Пол мог бы мысленно повторить шаг за шагом, словно по ступеням лестницы, тот путь, который в итоге вывел его по жизни туда, где он сейчас и находился. Нэнси исчезла. Он впал в отчаянье. С Шарон они познакомились в магазине, где торговали багетами. Она выбирала там рамку для своего диплома об окончании кулинарного училища, а он – багет для дарственной фотографии от губернатора. Они разговорились. Обменялись мерами телефонов. Пол позвонил. Она была привлекательней, интеллигентной, главное – установившейся. Она не отлилась особыми способностями за пределами кухни, которую действительно любила, и от нее не исходило то сверхъестественное течение, которое отличало Нэнси. Если бы такая штука, как прошлые жизни, и впрямь существовала, он мог бы представить себе с дюжину разных душ, прошедших через Нэнси. В Шарон же невозможно было увидеть никого, кроме Шарон.

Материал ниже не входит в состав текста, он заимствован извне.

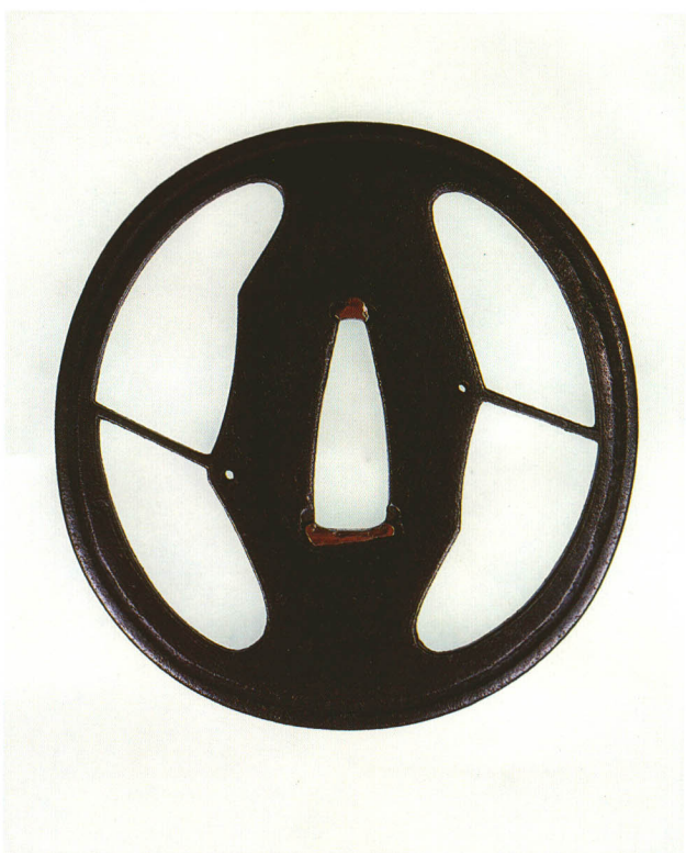
159 影蝶透鐔 無銘 西垣 丸形・丸耳・鉄地 江戸時代初期 厚さ3.9×縦82.0×横79.0mm

Вот и славно, сказал он тогда себе. Ты хотел угомониться и растить детей вместе с таким человеком, который способен угомониться. А Нэнси была какой угодно, только не такой. Сегодня его жизнь была далека от идеала, но даже если учесть, что он не испытывал все время райских ощущений от совместной жизни с Шарон, он был счастлив, что работает в Вашингтоне и что живет с семьей, которая любит его и уважает и не собирается куда-то там сбежать. Уважала ли Нэнси его в действительности? Что она видела в нем на самом деле? Все те последовавшие за ее исчезновением месяцы, когда он уже закончил судить и рядить по поводу их взаимоотношений и его любовь обратилась в пепел, ему так и не удалось по-настоящему разобраться, что же сам он привнес в этот праздник.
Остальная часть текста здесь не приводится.